I created a little gif based on different ways of measuring the British coastline, starting off with a file that included 100% of the vertices from my original Ordnance Survey map layer (see notes below for more on this). I then created files with fewer and fewer vertices retained, all the way down to a non-sensical shape which retained hardly any of the original points. This is what I got - at 2 seconds per frame (note '% of vertices retained' figure in each image):

Coastline length at different measurement scales

It's a bit difficult to see the difference between some of these images at this scale, so I also zoomed in to the west coast of Scotland to produce another little animation. This time, you can really see more of the difference between the layers I produced. The figures on the graphics indicate what percentage of the original vertices were retained in each case. Below, this, I have also provided a still image with different versions of the coast overlaid on top of each other, just to demonstrate the impact of reducing the number of vertices on the representation of the coastline, and hence its length.

This shows Morar, Mallaig and Loch Nevis 

Each line represents a different level of generalisation

I then decided to take a smaller island and extract the individual vertices (also known as nodes) that make up the shapes you see in the maps above. For this, I chose the Isle of Skye because it's one of the biggest British islands and the coast is highly irregular and indented. Using the version of the original shapefile where I retained 1% of the original vertices, Skye is represented by 772 individual nodes joined together to make a single polygon, as you can see below.

This produces a pretty good approximation of the coastline of Skye for most purposes. At this resolution, the coastline of Skye comes in at 330 miles (530km), compared to 456 miles (733km) at the original resolution. But of course we need to remember that if we had digitised around every single rock around the coastline the length would be nearly infinite. If you measured the coastline with a matchstick, for example, you'll get an extremely high value (and a sore back).

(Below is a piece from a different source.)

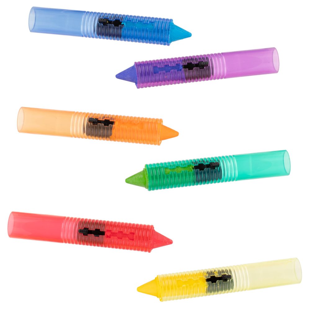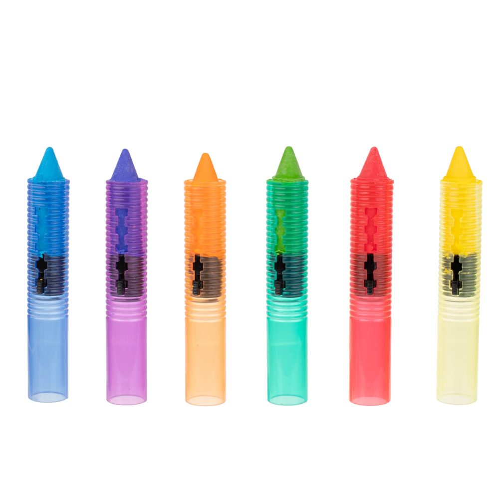 Rinkinį sudaro 6 kreidelės: geltona, oranžinė, raudona, violetinė, mėlyna, žalia.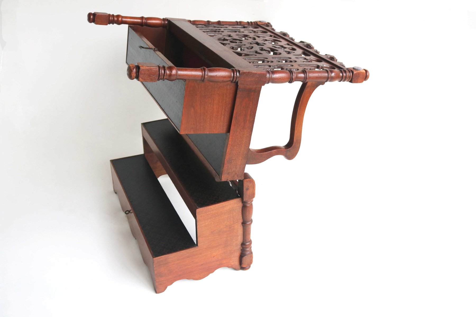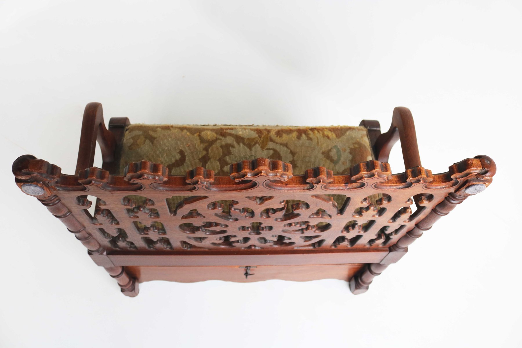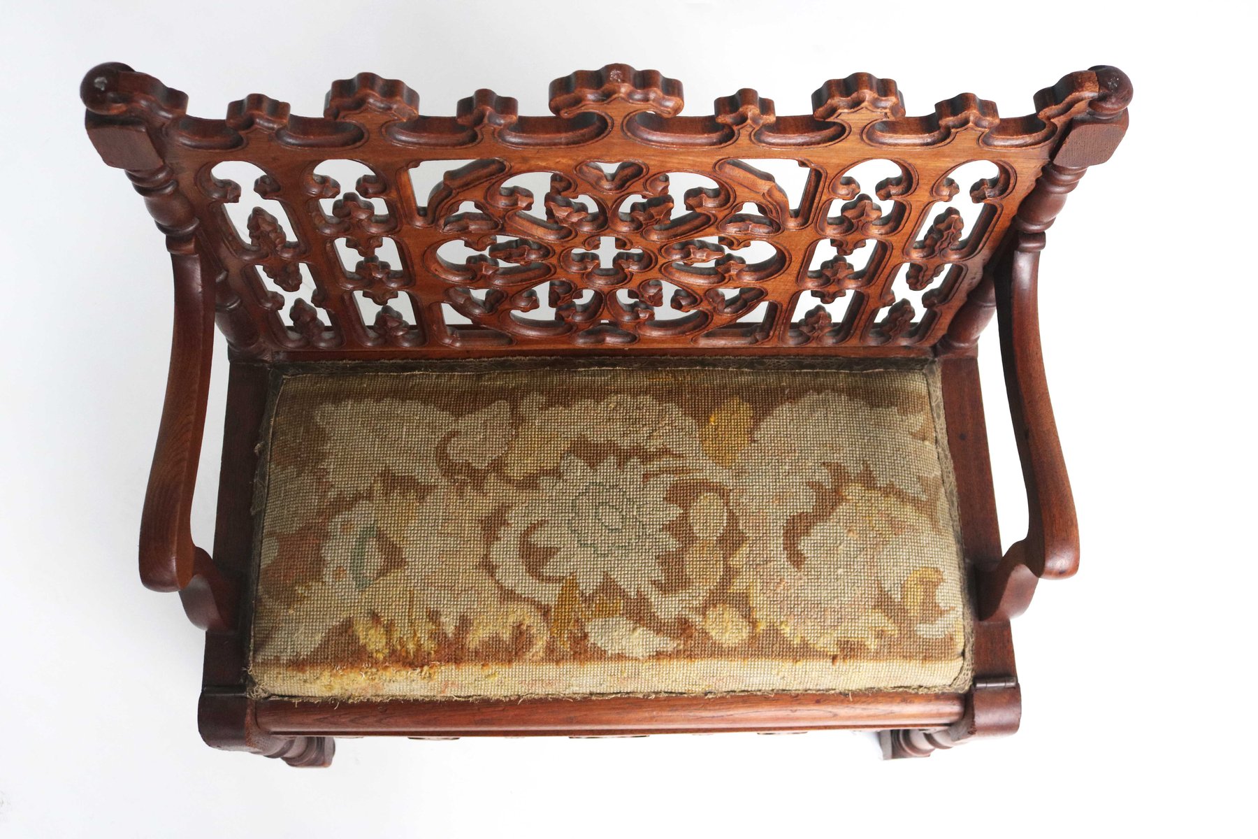 Antique French Gothic Revival Wood Hall Bench, 1880s

Skye represented with a polygon comprised of 772 vertices

Here's what this looks like when you show them one by one, in an animated gif - just to give you an idea of how it is plotted spatially. This is shown at 15ms per frame, so the dot fairly zooms around the coastline. All of this also gives you a little insight into how a GIS deals with geometry and what goes into the shapes that you see on your screen. It also helps explain why the very detailed, highly accurate spatial data files we can download from Ordnance Survey aren't always the most appropriate ones to use in small scale mapping. Or, maybe I just wanted to make another geogif, but either way I think I learned something.

A dot going round the Isle of Skye at 99,000 mph (forever)

So, how long is the coastline of Great Britain? Well, if you want to swim or kayak around all islands then you should think about training for a distance of around 2,000 miles and if you want to walk the coastline of Great Britain only then it's most likely going to be a bit more, or maybe a bit less - but that depends upon how you plan your route. Despite all the uncertainty, however, I think we can all agree that you'll need to go more than 1,024 miles.

Yes, this is Britain (kind of)

Last of all, I also did a little gif showing the 174 vertices of Great Britain when the file is massively reduced - so I'll end with this.

Another one, just for fun

Notes: I used the OS OpenData Boundary Line product for the coastline. This was a polyline file so I converted it to a polygon and then generalised it several times using the Visvalingam algorithm in mapshaper. Contains OS data © Crown copyright and database right 2015. You'll see if you search online that my measurements are close to those of others - so I'm at least as right or wrong as some people. If you're interested, you might want to look up the coastline paradox as well and, of course, Lewis Fry Richardson. Other big British islands? After the island of Great Britain, it's Lewis and Harris at 741 miles of coastline (1,193km), the mainland of Shetland at 692 miles (1,113km), Skye at 456 miles (733km) and North Uist at 334 miles (537km). Remember that this refers to coastline length and not land area.